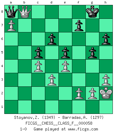Last move : 1-0 2008 May 15 20:45:33 [Event "FICGS__CHESS__CLASS_F__000058"] [Site "FICGS"] [Date "2008.04.15"] [Round "1"] [White "Stoyanov,Zdravko"] [Black "Barradas,Anderson"] [Result "1-0"] [WhiteElo "1349"] [BlackElo "1297"] 1.e4 e5 2.Nf3 Nf6 3.d3 d6 4.h3 Nc6 5.Bg5 Be7 6.Be2 O-O 7.O-O Be6 8.Nh4 Nd4 9.c4 Nxe2+ 10.Qxe2 Nd7 11.Bxe7 Qxe7 12.Nf3 c5 13.Nc3 a6 14.Qe3 Rab8 15.Ng5 h6 16.Nxe6 Qxe6 17.Nd5 Rbc8 18.a3 b5 19.b3 Rc6 20.a4 bxc4 21.bxc4 Rb8 22.a5 R6c8 23.Rab1 Rxb1 24.Rxb1 Kh8 25.Rb7 Rb8 26.Ra7 Rb1+ 27.Kh2 Nb8 28.Qg3 g5 29.Qf3 Nd7 30.Qh5 Kg7 31.Rxa6 Nb8 32.Ra7 Nc6 33.Ra8 Rb8 34.Ra6 Nb4 35.Nxb4 Rxb4 36.Ra8 Qd7 37.a6 Ra4 38.Qd1 Qc6 39.a7 Qxa8 40.Qxa4 Kf6 41.Qd7 Kg7 42.Qc7 Kg8 43.Qb8+ 1-0 Petrov's defense Kingside Castling by player Black (move 6) Kingside Castling by player White (move 7) Player White won this chess game. Follow this game move after move (download)The blunders are all there on the board, waiting to be made. (Savielly Tartakover) Matt entspricht nicht immer den Tatsachen. (Savielly Grigorievitsch Tartakower) No nos podemos resistir a la fascinación de un sacrificio ya que la pasión por los sacrificios es parte de la naturaleza de un jugador de Ajedrez. (Rudolf Spielman) Tout change constamment, y compris dans le monde des Echecs. (Botvinnik) Nothing is more important for teaching us to understand the concepts we have than constructing fictitious ones. (Ludwig Wittgenstein)
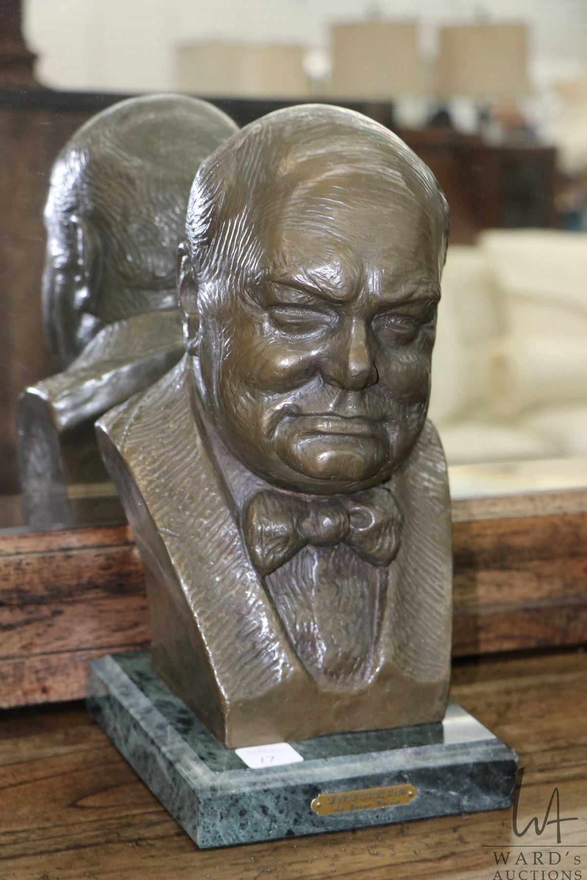 Cast bronze bust of Churchill on green marble base by artist Serge Sarkis 11 3/4" in height
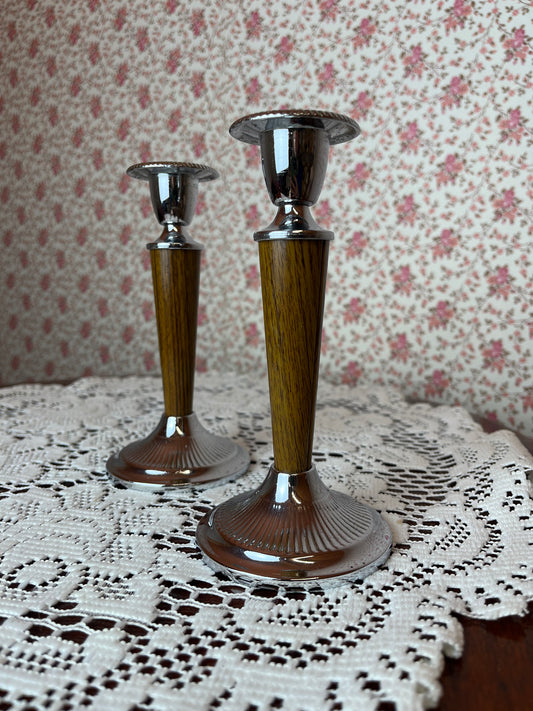 Vintage Mid-Century Wood Effect Chrome Candlestick Holders
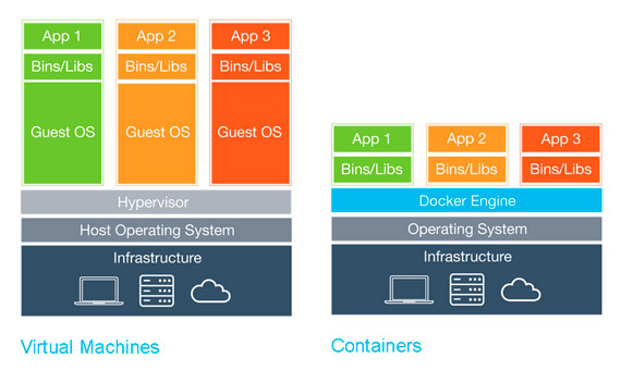 This is a great image which depicts the lightweight nature of a container vs a virtual machine. Containers can utilize the host OS which allows them to run much quicker and spin up in a fraction of the time of a virtual machine

_Assigned task_
Print each line of the material above exactly, with the pictures removed from your copy.

_Exercise response_
Last move : 1-0 2008 May 15 20:45:33 [Event "FICGS__CHESS__CLASS_F__000058"] [Site "FICGS"] [Date "2008.04.15"] [Round "1"] [White "Stoyanov,Zdravko"] [Black "Barradas,Anderson"] [Result "1-0"] [WhiteElo "1349"] [BlackElo "1297"] 1.e4 e5 2.Nf3 Nf6 3.d3 d6 4.h3 Nc6 5.Bg5 Be7 6.Be2 O-O 7.O-O Be6 8.Nh4 Nd4 9.c4 Nxe2+ 10.Qxe2 Nd7 11.Bxe7 Qxe7 12.Nf3 c5 13.Nc3 a6 14.Qe3 Rab8 15.Ng5 h6 16.Nxe6 Qxe6 17.Nd5 Rbc8 18.a3 b5 19.b3 Rc6 20.a4 bxc4 21.bxc4 Rb8 22.a5 R6c8 23.Rab1 Rxb1 24.Rxb1 Kh8 25.Rb7 Rb8 26.Ra7 Rb1+ 27.Kh2 Nb8 28.Qg3 g5 29.Qf3 Nd7 30.Qh5 Kg7 31.Rxa6 Nb8 32.Ra7 Nc6 33.Ra8 Rb8 34.Ra6 Nb4 35.Nxb4 Rxb4 36.Ra8 Qd7 37.a6 Ra4 38.Qd1 Qc6 39.a7 Qxa8 40.Qxa4 Kf6 41.Qd7 Kg7 42.Qc7 Kg8 43.Qb8+ 1-0 Petrov's defense Kingside Castling by player Black (move 6) Kingside Castling by player White (move 7) Player White won this chess game. Follow this game move after move (download)The blunders are all there on the board, waiting to be made. (Savielly Tartakover) Matt entspricht nicht immer den Tatsachen. (Savielly Grigorievitsch Tartakower) No nos podemos resistir a la fascinación de un sacrificio ya que la pasión por los sacrificios es parte de la naturaleza de un jugador de Ajedrez. (Rudolf Spielman) Tout change constamment, y compris dans le monde des Echecs. (Botvinnik) Nothing is more important for teaching us to understand the concepts we have than constructing fictitious ones. (Ludwig Wittgenstein)
 Cast bronze bust of Churchill on green marble base by artist Serge Sarkis 11 3/4" in height
 Vintage Mid-Century Wood Effect Chrome Candlestick Holders
 This is a great image which depicts the lightweight nature of a container vs a virtual machine. Containers can utilize the host OS which allows them to run much quicker and spin up in a fraction of the time of a virtual machine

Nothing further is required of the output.